Your response should consist of the entire listing, transcribed exactly, with every image left out.

» **Stored data**:
────────────────
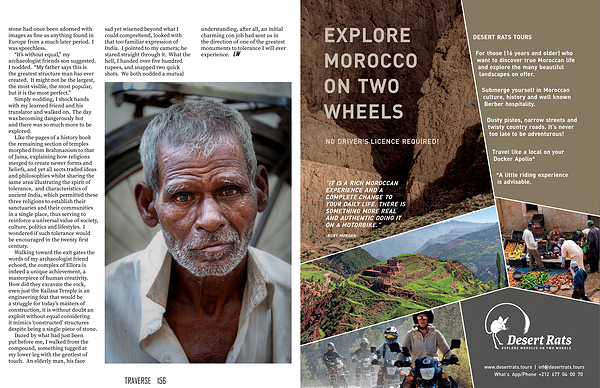 “ IT IS A RICH MOROCCAN EXPERIENCE AND A COMPLETE CHANGE TO YOUR DAILY LIFE . THERE IS SOMETHING MORE REAL AND AUTHENTIC DOING IT ON A MOTORBIKE .”
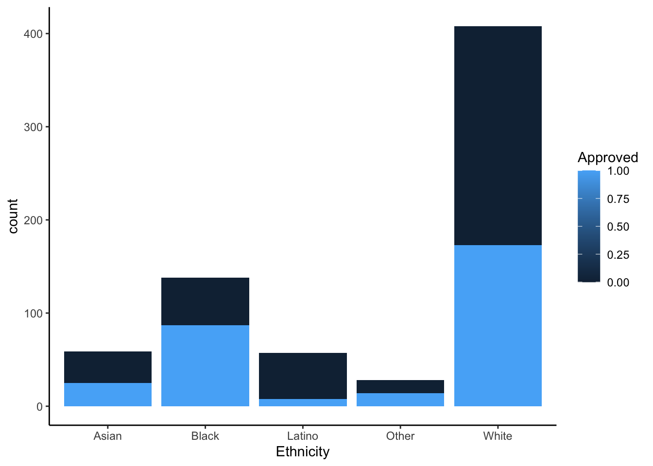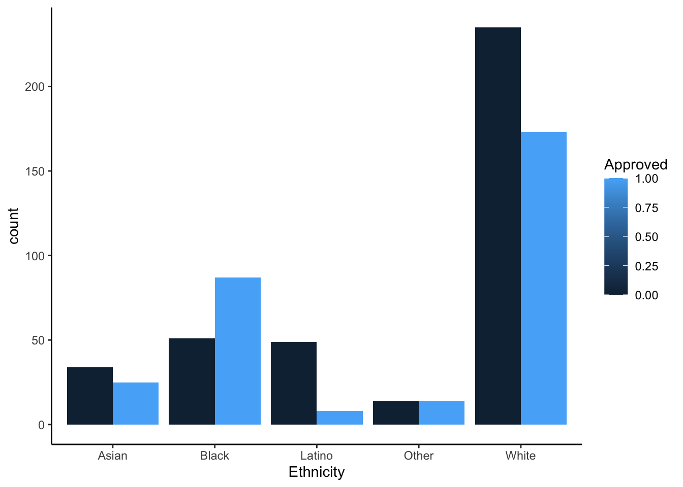 ggplot(approval_data, aes(x=Ethnicity, fill = Approved, group = Approved)) +
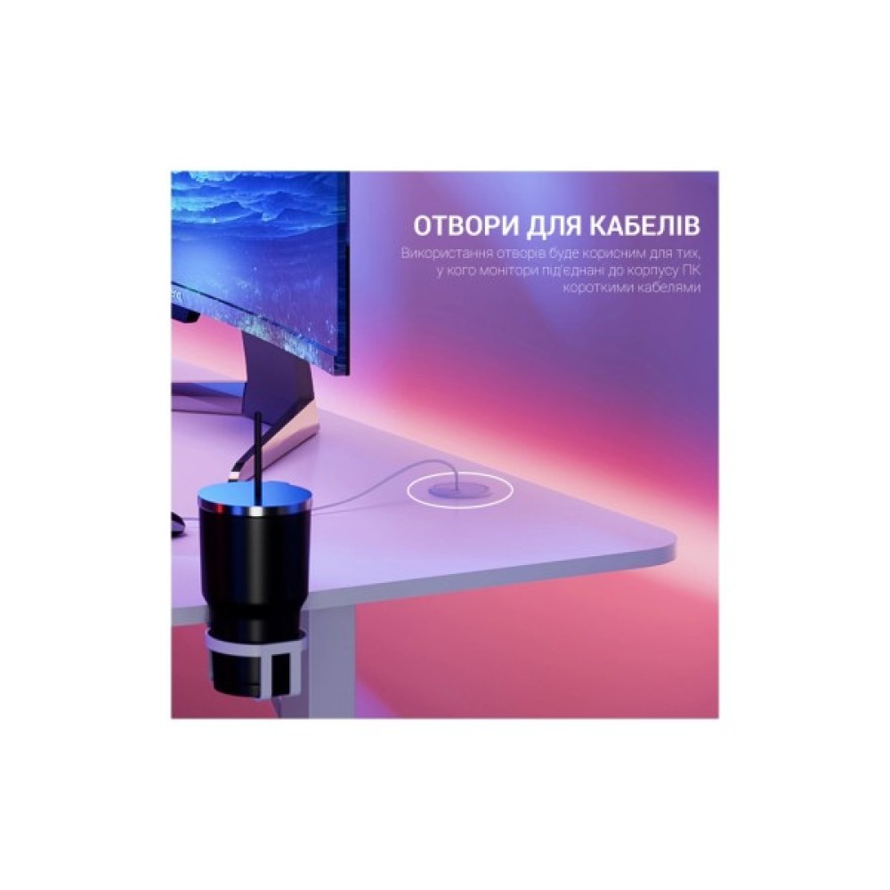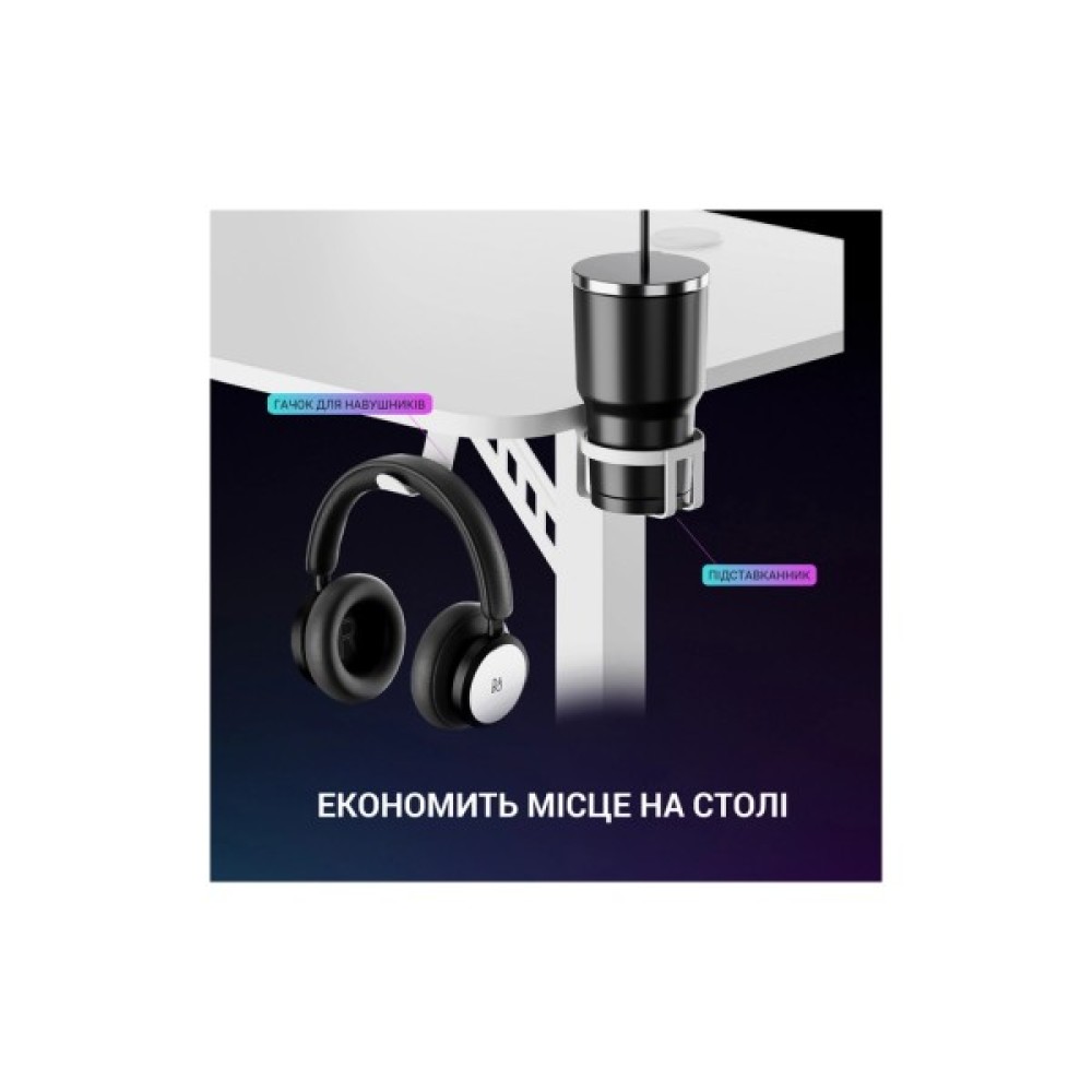 Текстурована поверхня стільниці надає ігровому середовищу відчуття хай-тек. А кріплення для зберігання гарнітури та підсклянник допомагають досягти ще більшого порядку на робочому місці та звільняють додатковий простір.
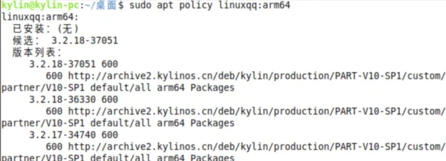 示例:查询arm64架构下“linuxqq”的可用版本,输入:sudo apt policy linuxqq:arm64,终端会显示该架构下“linuxqq”的所有可下载版本。
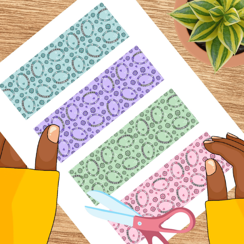 Friendship Bracelets Printable Bookmarks Sheet 2x6 Print and Cut PDF PNG Craft Prizes Activities
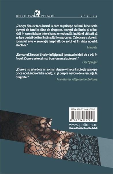 „Romanul Zeruyei Shalev infatiseaza ipostazele ideii de a trai in Israel. Durere este cel mai bun roman al autoarei.” (Der Spiegel)
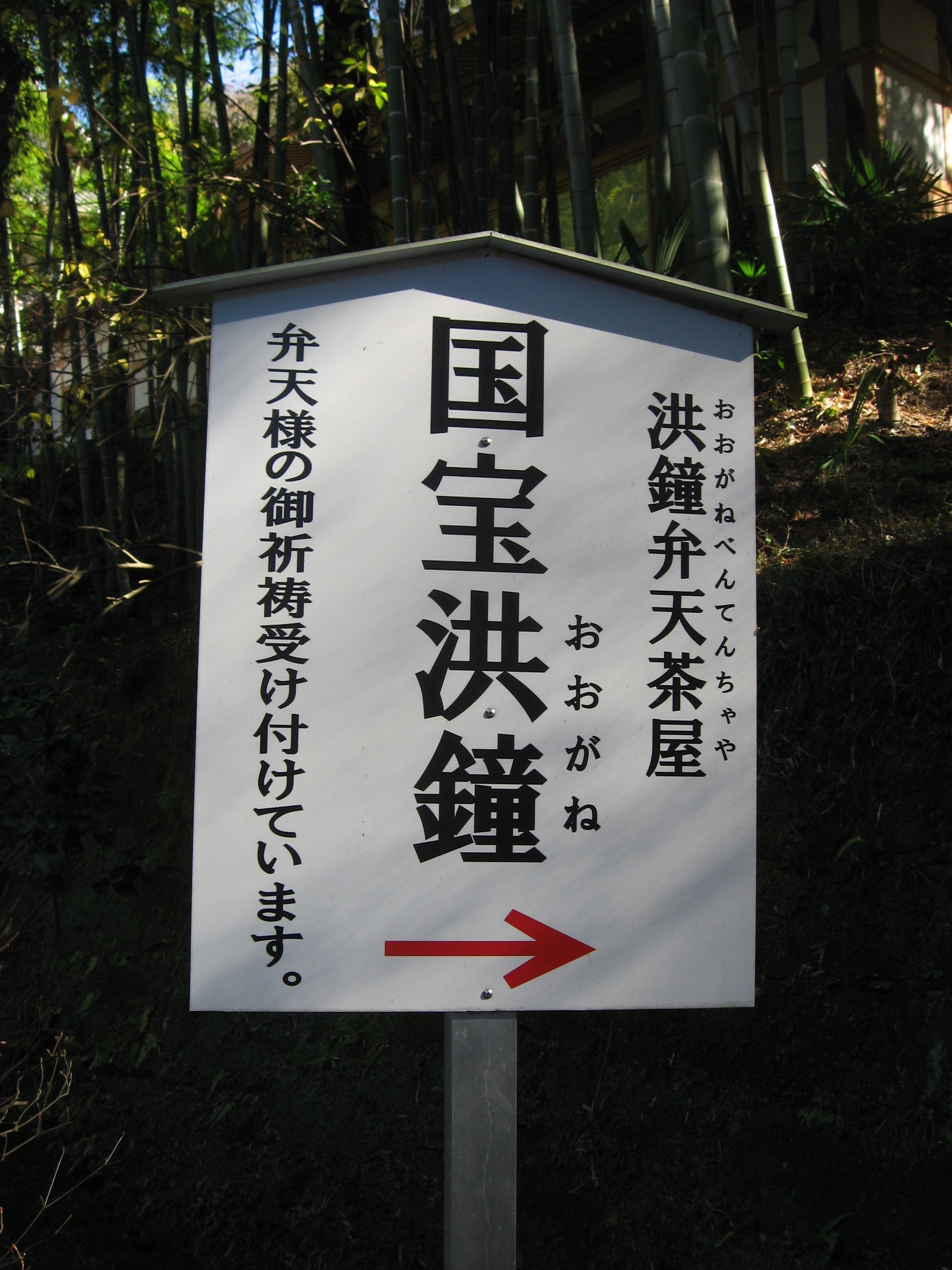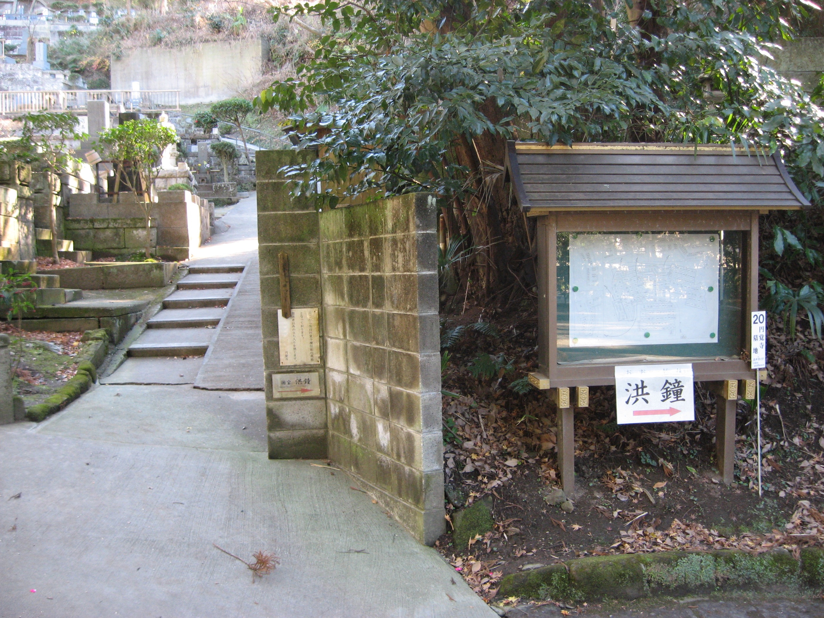 Across from this temple on the right side of the walkway you will see a pathway leading to Oogane (洪鐘), as shown here: |
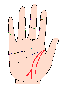 婚姻线又名“爱情线”、“结合线”,在水星丘侧(小指根部掌边)。感情线上方,所刻划的短短横线,有时出现几条,但以最长最明显的一条为准,不过,除本线外尚须参考其它部份,决不可因结合线不好,便一口断定结婚运欠佳。 要知结婚运必须有健康,金钱,智能互相配合,同时还得遇到机会,因此务必要参照感情线,智慧线,生命线三大线条,才能预知结婚或与异性之关系。 婚姻线暗示了一个人的恋爱过程,何时结婚,婚姻会不会美满,会不会离婚、再婚,或是有婚外情。还有,它所透露出的男女关系,也不一定是指法律上的婚姻关系,“同居”也算。 |
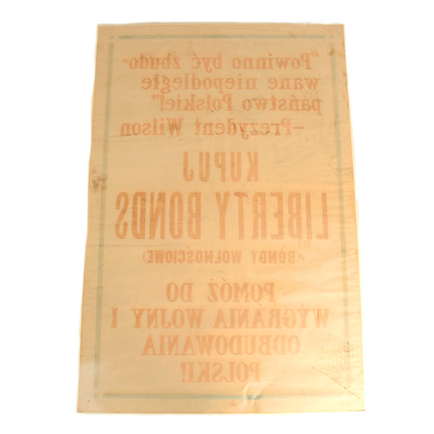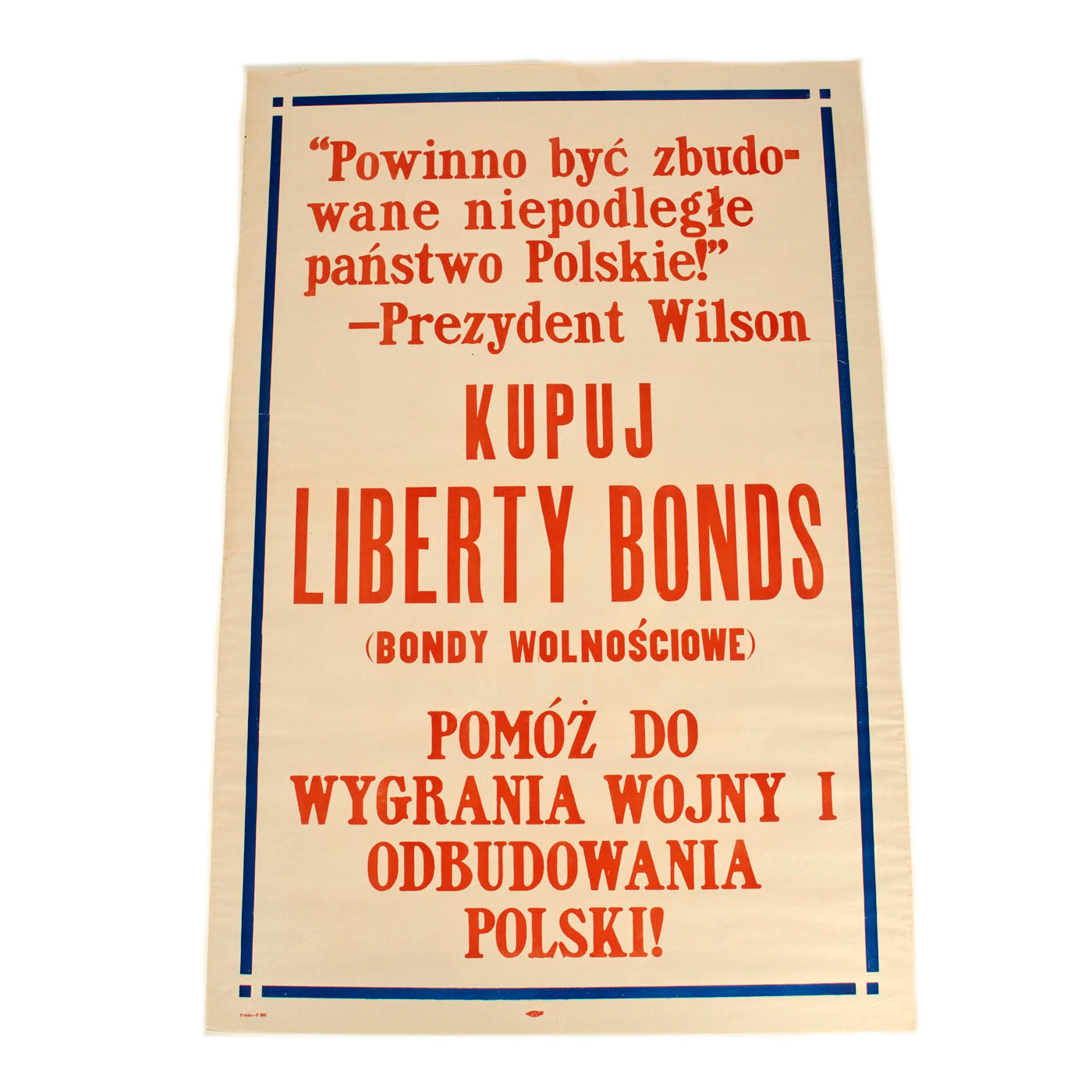 This poster, which is entirely printed in Polish, was directed to Polish-Americans to help encourage the purchase of Liberty Bonds to help the reconstruction of Poland.
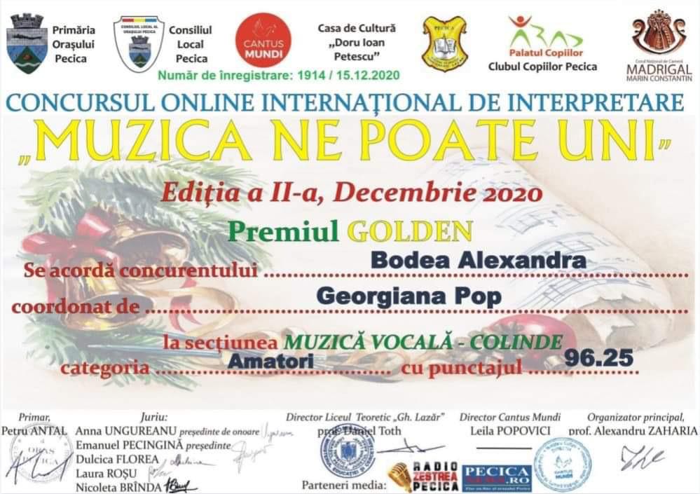 - Alexandra Bodea (17 ani) / Premiul Golden (I) / Secțiunea Muzică Vocală Colinde / 96,25 punctaj / coordonator Georgiana Pop;
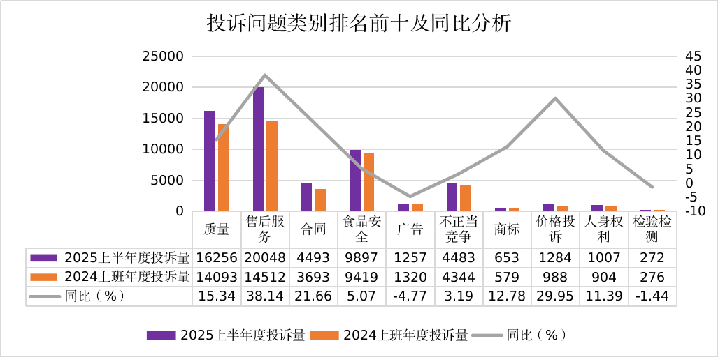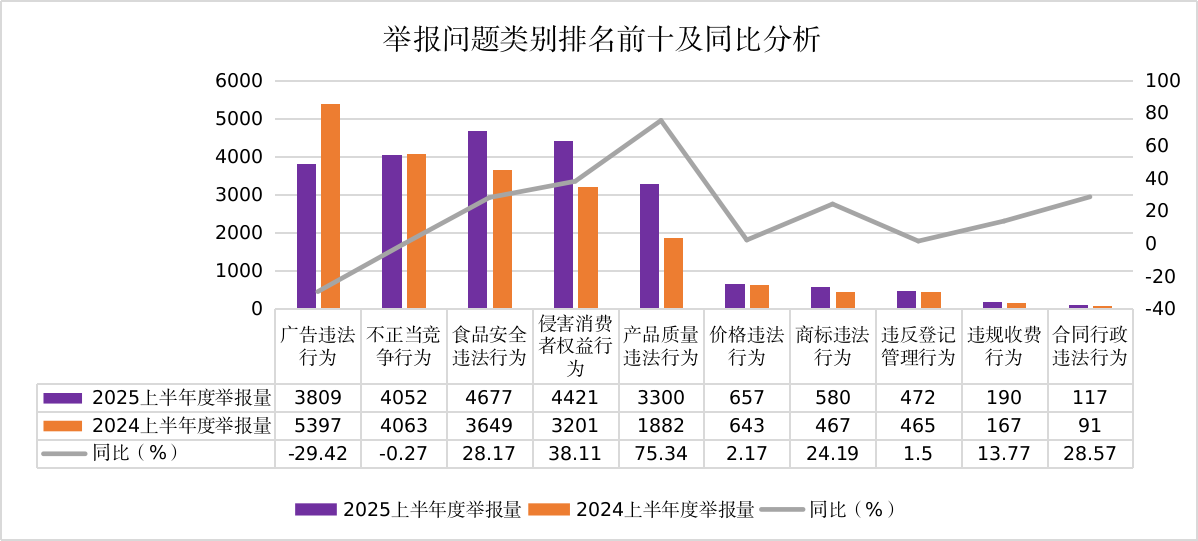赞扬举报量排名前三的商品类别是服拆鞋帽(25334件)、食物(19615件)、家居用品(8919件)。服拆鞋帽类赞扬举报同比增加10.52%,从赞扬问题类别看,违反产物标识、出产发卖不合适保障人体健康和人身、财富平安的国度尺度、行业尺度的产物,食物平安违法行为举报次要集中正在食物包拆无标签或标签标注的事项不完整实正在、运营变质、油脂酸败、霉变生虫、不洁、混有异物、掺假或者感官性状非常的食物、餐饮运营场合不整洁等方面。
────────────────
» **Output for this exercise**:
 “ IT IS A RICH MOROCCAN EXPERIENCE AND A COMPLETE CHANGE TO YOUR DAILY LIFE . THERE IS SOMETHING MORE REAL AND AUTHENTIC DOING IT ON A MOTORBIKE .”
 ggplot(approval_data, aes(x=Ethnicity, fill = Approved, group = Approved)) +
 Текстурована поверхня стільниці надає ігровому середовищу відчуття хай-тек. А кріплення для зберігання гарнітури та підсклянник допомагають досягти ще більшого порядку на робочому місці та звільняють додатковий простір.
 示例:查询arm64架构下“linuxqq”的可用版本,输入:sudo apt policy linuxqq:arm64,终端会显示该架构下“linuxqq”的所有可下载版本。
 Friendship Bracelets Printable Bookmarks Sheet 2x6 Print and Cut PDF PNG Craft Prizes Activities
 „Romanul Zeruyei Shalev infatiseaza ipostazele ideii de a trai in Israel. Durere este cel mai bun roman al autoarei.” (Der Spiegel)
 Across from this temple on the right side of the walkway you will see a pathway leading to Oogane (洪鐘), as shown here: |
 婚姻线又名“爱情线”、“结合线”,在水星丘侧(小指根部掌边)。感情线上方,所刻划的短短横线,有时出现几条,但以最长最明显的一条为准,不过,除本线外尚须参考其它部份,决不可因结合线不好,便一口断定结婚运欠佳。 要知结婚运必须有健康,金钱,智能互相配合,同时还得遇到机会,因此务必要参照感情线,智慧线,生命线三大线条,才能预知结婚或与异性之关系。 婚姻线暗示了一个人的恋爱过程,何时结婚,婚姻会不会美满,会不会离婚、再婚,或是有婚外情。还有,它所透露出的男女关系,也不一定是指法律上的婚姻关系,“同居”也算。 |
 This poster, which is entirely printed in Polish, was directed to Polish-Americans to help encourage the purchase of Liberty Bonds to help the reconstruction of Poland.
 - Alexandra Bodea (17 ani) / Premiul Golden (I) / Secțiunea Muzică Vocală Colinde / 96,25 punctaj / coordonator Georgiana Pop;
赞扬举报量排名前三的商品类别是服拆鞋帽(25334件)、食物(19615件)、家居用品(8919件)。服拆鞋帽类赞扬举报同比增加10.52%,从赞扬问题类别看,违反产物标识、出产发卖不合适保障人体健康和人身、财富平安的国度尺度、行业尺度的产物,食物平安违法行为举报次要集中正在食物包拆无标签或标签标注的事项不完整实正在、运营变质、油脂酸败、霉变生虫、不洁、混有异物、掺假或者感官性状非常的食物、餐饮运营场合不整洁等方面。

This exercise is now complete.